Re: dev_lock() contention for fdesc syscalls -- possible fix

From: Luigi Rizzo <rizzo_at_iet.unipi.it> Date: Mon, 10 Nov 2014 10:44:12 +0100 · This archive was generated by hypermail 2.4.0 : Wed May 19 2021 - 11:40:53 UTC

On Mon, Nov 10, 2014 at 10:34:57AM +0200, Konstantin Belousov wrote:
> On Mon, Nov 10, 2014 at 02:49:39AM +0100, Luigi Rizzo wrote:
> > It was noticed that there is huge dev_lock() contention when multiple
> > processes do a poll() even on independent file descriptors.
> > 
> > Turns out that not just poll but most syscalls on file descriptors
> > (as opposed to sockets) in sys/fs/devfs/devfs_vnops.c including
> > devfs_poll_f(), devfs_ioctl_f() and read/write share the problem
> > as they use the following pattern
> > 
> >     devfs_poll_f() {
> >         ...
> >         devfs_fp_check(fp, ...) -->
> >             kern/kern_conf.c :: devvn_refthread(fp->f_vnode, ...) -->
> >                 dev_lock();
> >                 dev = vp->v_rdev; // lock on vp ?
> >                 ... check that dev != NULL
> >                 atomic_add_long(&dev->si_threadcount, 1);
> >                 dev_unlock();
> >         dsw->d_poll()
> >         dev_relthread() -->
> >             atomic_subtract_rel_long(&dev->si_threadcount, 1);
> >    }
> > 
> > 
> > I believe that dev_lock() in devvn_refthread() is protecting
> >         dev = vp->v_rdev
> > (the cdev entry 'dev' cannot go away for the reasons stated below).
> > 
> > However looking at places where vp->v_rdev is modified, turns out
> > that it only happens when holding VI_LOCK(vp) -- the places are
> > devfs_allocv() and devfs_reclaim().
> > There is one place in zfs where the vnode is created and v_rdev
> > is set without holding a lock, so nobody can dereference it.
> > 
> > As a consequence i believe that if in devfs_fp_check() we replace
> > dev_lock() / dev_unlock() with VI_LOCK(vp) / VI_UNLOCK(vp),
> > we make sure that we can safely dereference vp->v_rdev, and the
> > cdev cannot go away because the vnode has a reference to it.
> > The counter uses an atomic instruction (so the release is lockless)
> Vnode reference, as well as cdev reference, which is obtained by
> dev_ref(), do not provide any protection there.  v_rdev is only
> coincidentally protected by the vnode interlock.
> 
> If you look at larger part of the code, you would note that dev mutex
> is held even after v_rdev is dereferenced.  The real protection it
> provides is against race with destroy_dev(l)(), which could invalidate
> dev->so_devsw at any moment when either device thread reference is
> not held, or dev mutex is not held.  So your patch breaks the
> device destruction.

I see.

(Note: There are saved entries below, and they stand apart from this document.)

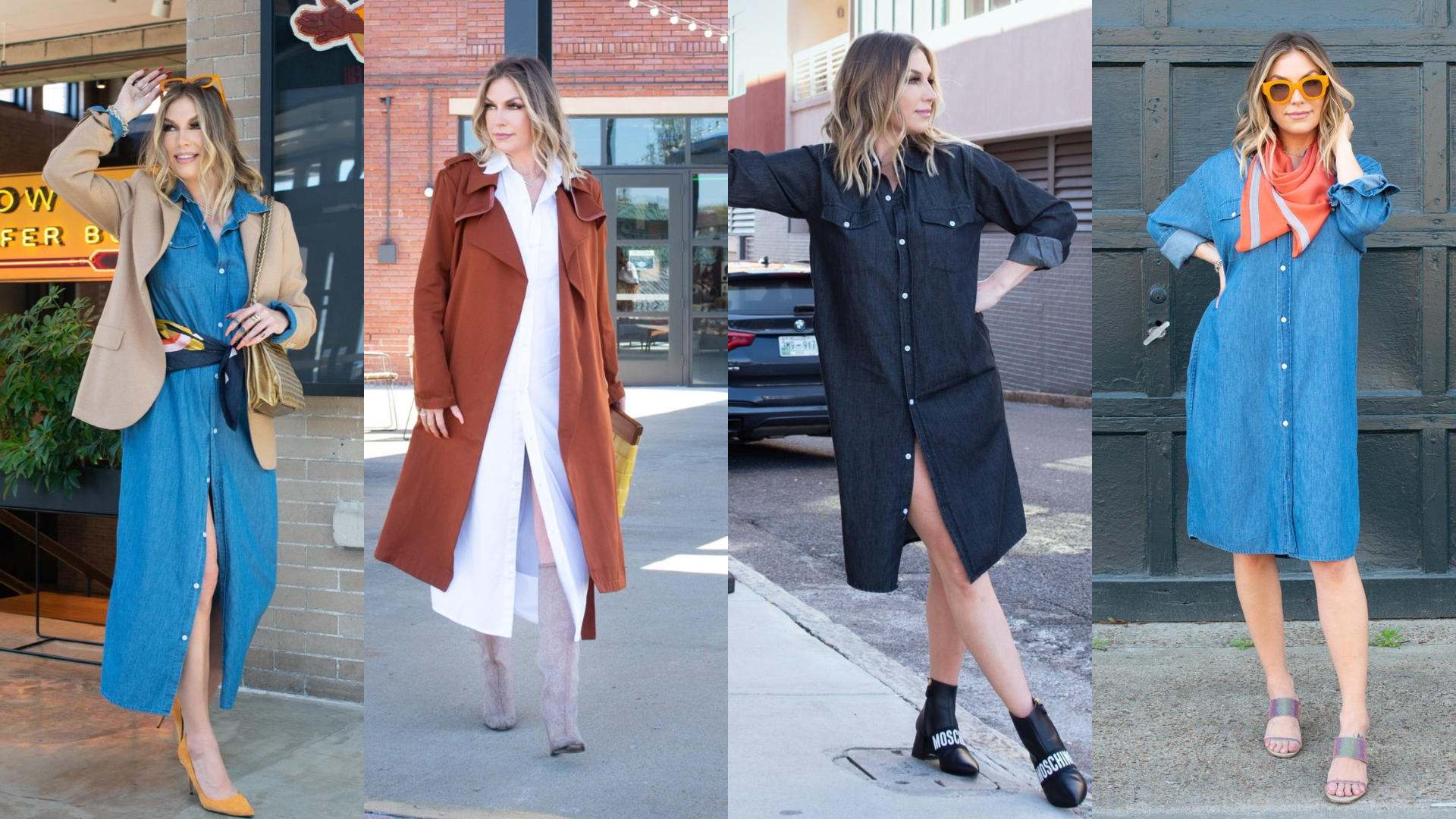 Style the Susan for the summer with a thin belt that can accentuate your waist! Pop the collar & add layered necklaces to show off...Don't forget a chic pair of sunglasses & a bold lip color can go a long way! Add some sandals OR heels depending on the mood & then you're almost done - to tie it all together grab your fav clutch & you're ready to go!
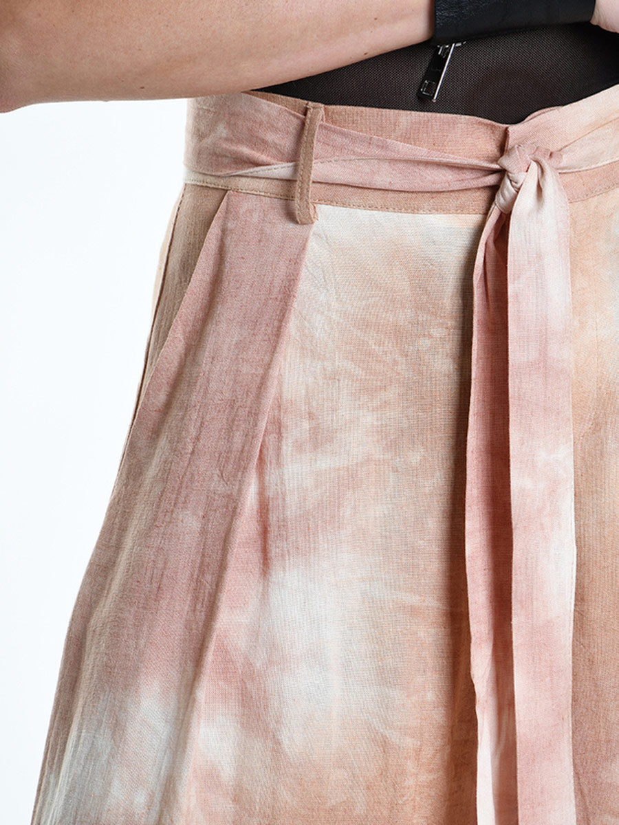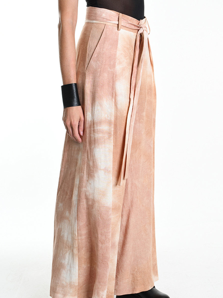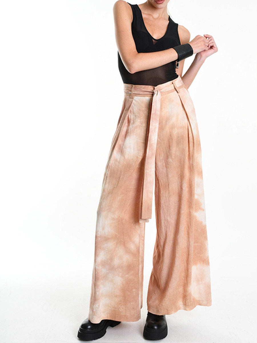 Wide legged, palazzo style pants in sand/tan coloured, tie dye effect, linen.
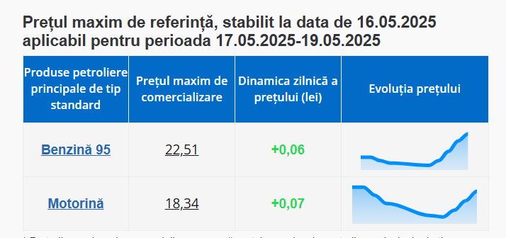 Astfel, un litru de benzină va costa mâine 22,51 lei.
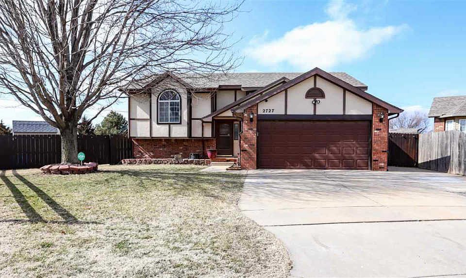 Welcome home to this well maintained split-level beauty in west Wichita! Right away you'll notice the homey feel and warm tones throughout. Upstairs you have two bedrooms and a full bathroom with dual vanity - check out the gorgeous tile shower and sky light. Basement also has two bedrooms and a full bathroom with an adept family room or rec room! Newer hail resistant roof! This property boasts newer fixtures, stainless steel appliances, irrigation well and sprinkler system, wood laminate flooring, GORGEOUS fireplace, and many more features to list. Did I forget to mention the walk out basement with covered porch wired for a hot tub? Lovely covered patio on upper level as well! Cul-de-sac lot with an incredibly attractive curb appeal. Extra large backyard and driveway with gate. Bring your boat! Don't wait to schedule your showing as this home will sell fast.
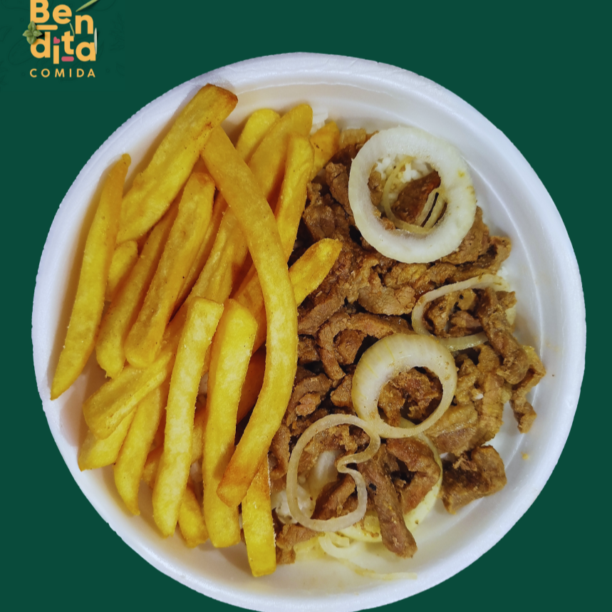 Marmita com deliciosas Iscas de Carne Acebolada acompanhada de Arroz Branco, Feijão E Batata Frita. Marmita indicada para 01 pessoa.
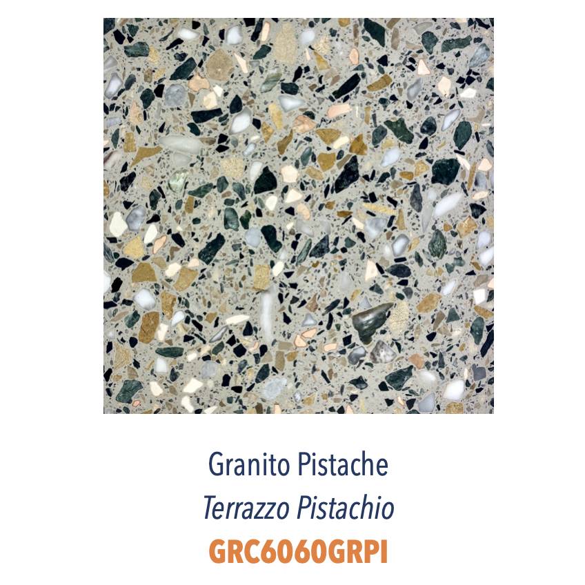 - Pistache : Base résine gris clair avec agrégats vert, rose, ocre, noir et blanc
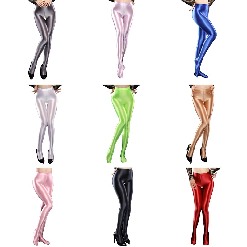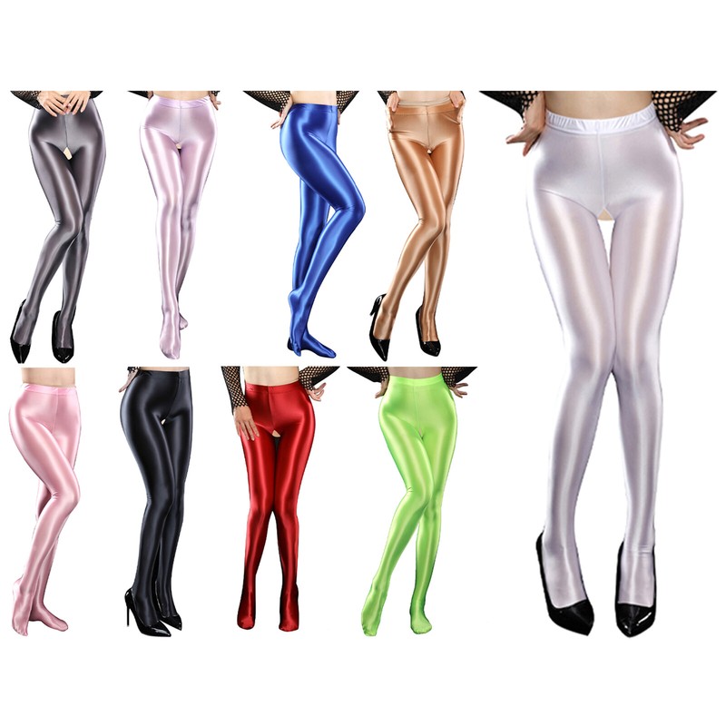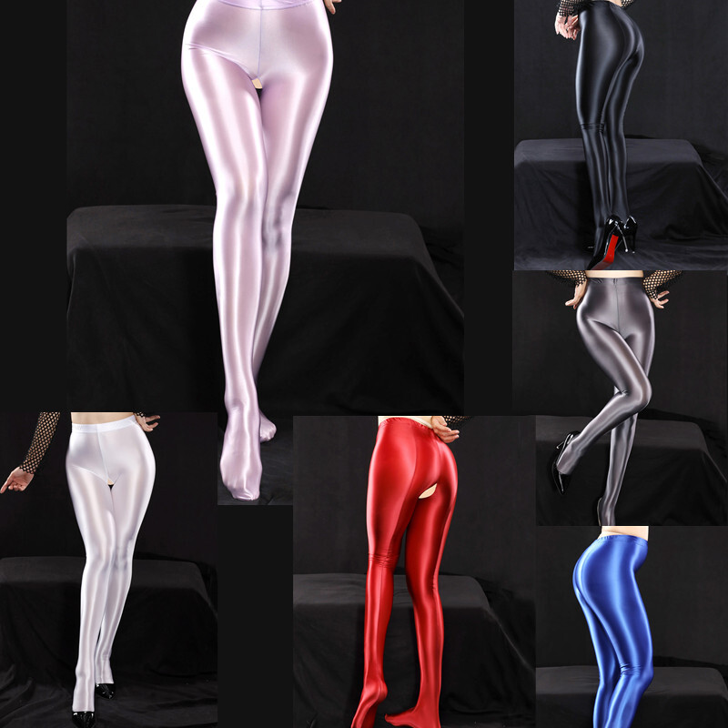 Stretchy pantyhose for women design with high rise, elastic waistband, crotchless, full-footed, opaque and glossy fabric.
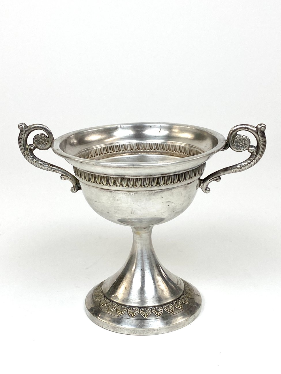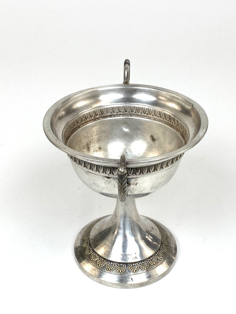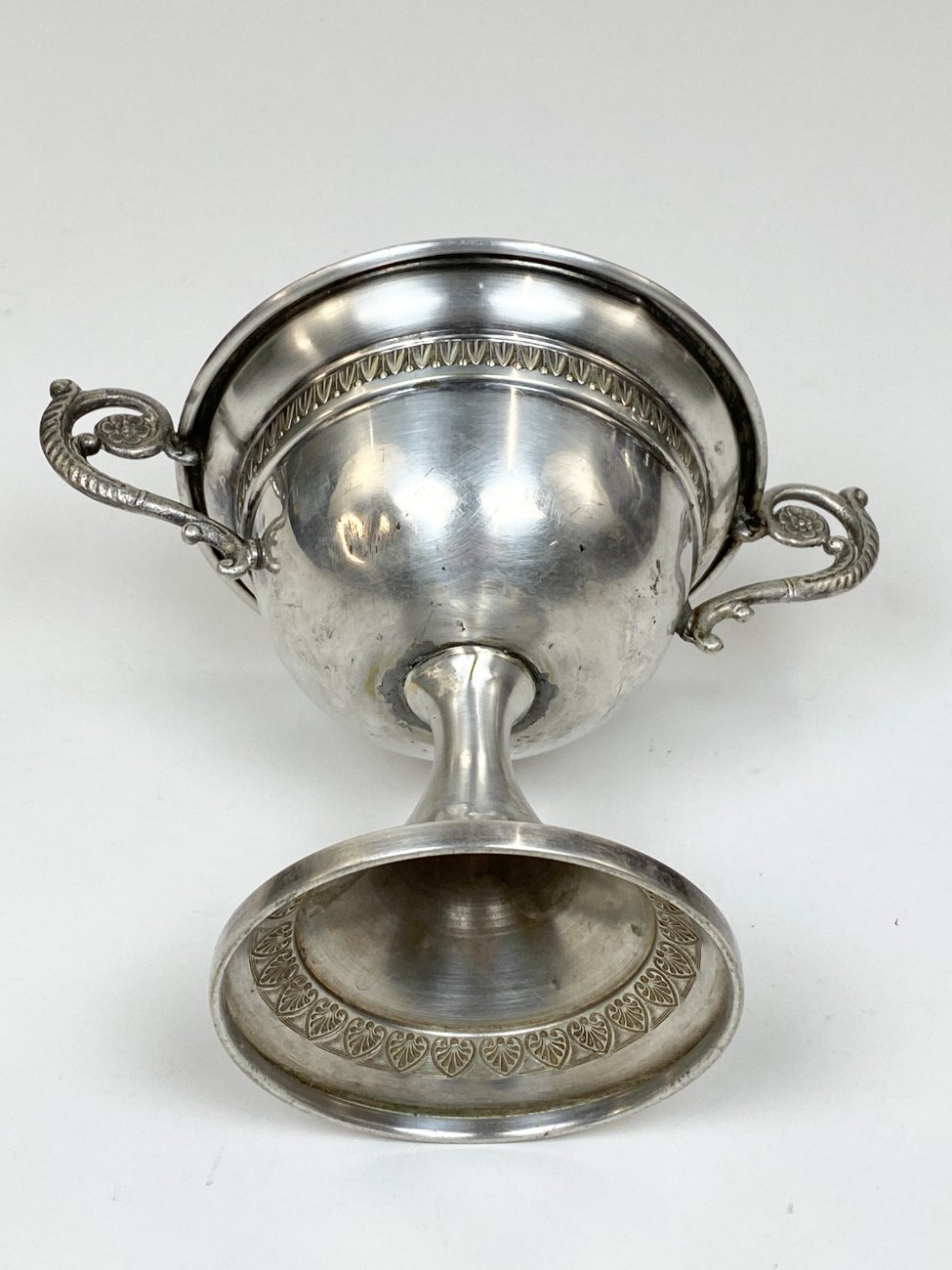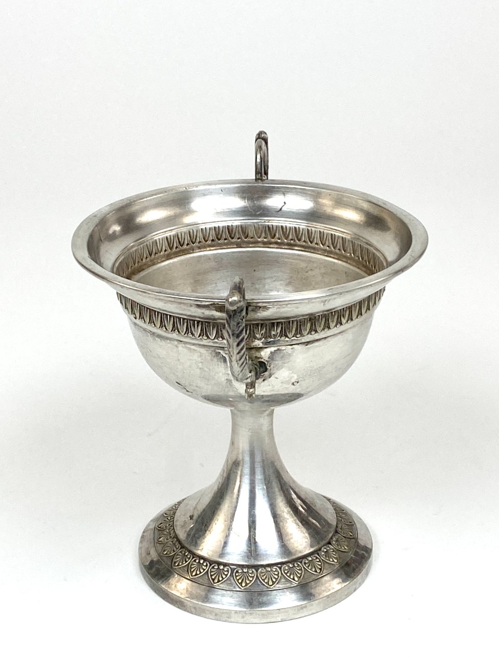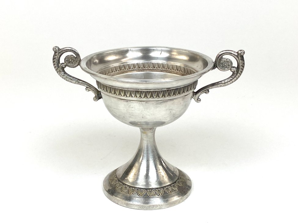 Sidabruoto metalo indas ant kojelės, su rankenomis iš šonų.
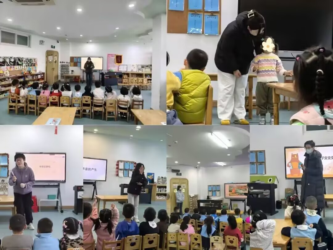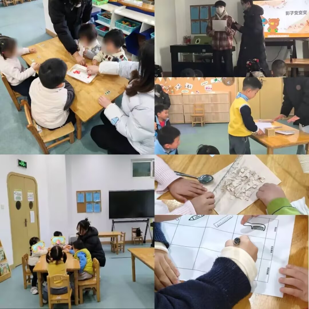 见习现场,师范生们化身"新老师",带领幼儿开启一场场趣味盎然的科学探究之旅。在《影子变变变》活动中,孩子们握着小手电筒追逐光影,在明暗交替中发现光源与影子的变化奥秘;《神奇的静电》课堂上,通过毛衣摩擦塑料尺吸引纸屑的小实验,让幼儿直观感受静电魔力;《奇妙的声音》《悬空的纸桥》《橘子宝宝真奇妙》等活动则分别从声音产生、结构力学、感官认知等角度,以动手操作、多感官体验的方式激发幼儿探究热情。活动中,同学们灵活应对幼儿的突发问题,及时调整教学节奏,在互动中践行"以幼儿为中心"的教育理念。

Thanks for the clarification.

Would it help to rewrite the part of devvn_refthread as follows:

    devvn_refthread() {
	// protect vp->v_rdev dereference and dev disappearing
	VI_LOCK(vp);
	dev = vi->v_rdev;
	.. check that dev != NULL
	// protect the race on dev->si_devsw
	atomic_add_long(&dev->si_threadcount, 1);
	VI_UNLOCK(vp);
	... appropriate memory barrier
	csw = dev->si_devsw;
	if (csw != NULL) {
		// we won the race, even if destroy_devl() runs
		// it will keep the cdevsw alive until si_threadcount goes to 0
		*devp = dev;
		*ref = 1;
	} else {
		// we lost
		*ref = 0;
	}
	return csw;
    }

i.e.  tentatively increment si_threadcount before dereferencing si_devsw
and then restoring it if we lose the race ?
It might be necessary to add a barrier in destroy_devl() between clearing
si_devsw and reading si_threadcount.

> > 
> > This should be enough to remove the contention.
> If you never calls destroy_dev() for the devfs node, you could use
> MAKEDEV_ETERNAL flag for make_dev_credf(), which indicates that there
> is no risk of race with destroy_dev() for the created node.
> 
> Usually, code which could be compiled in kernel statically but also
> loaded as module, use MAKEDEV_ETERNAL_KLD flag, which takes care of
> module needed to call destroy_dev().

that I suppose would mean that the module cannot be safely unloaded ?

cheers
luigi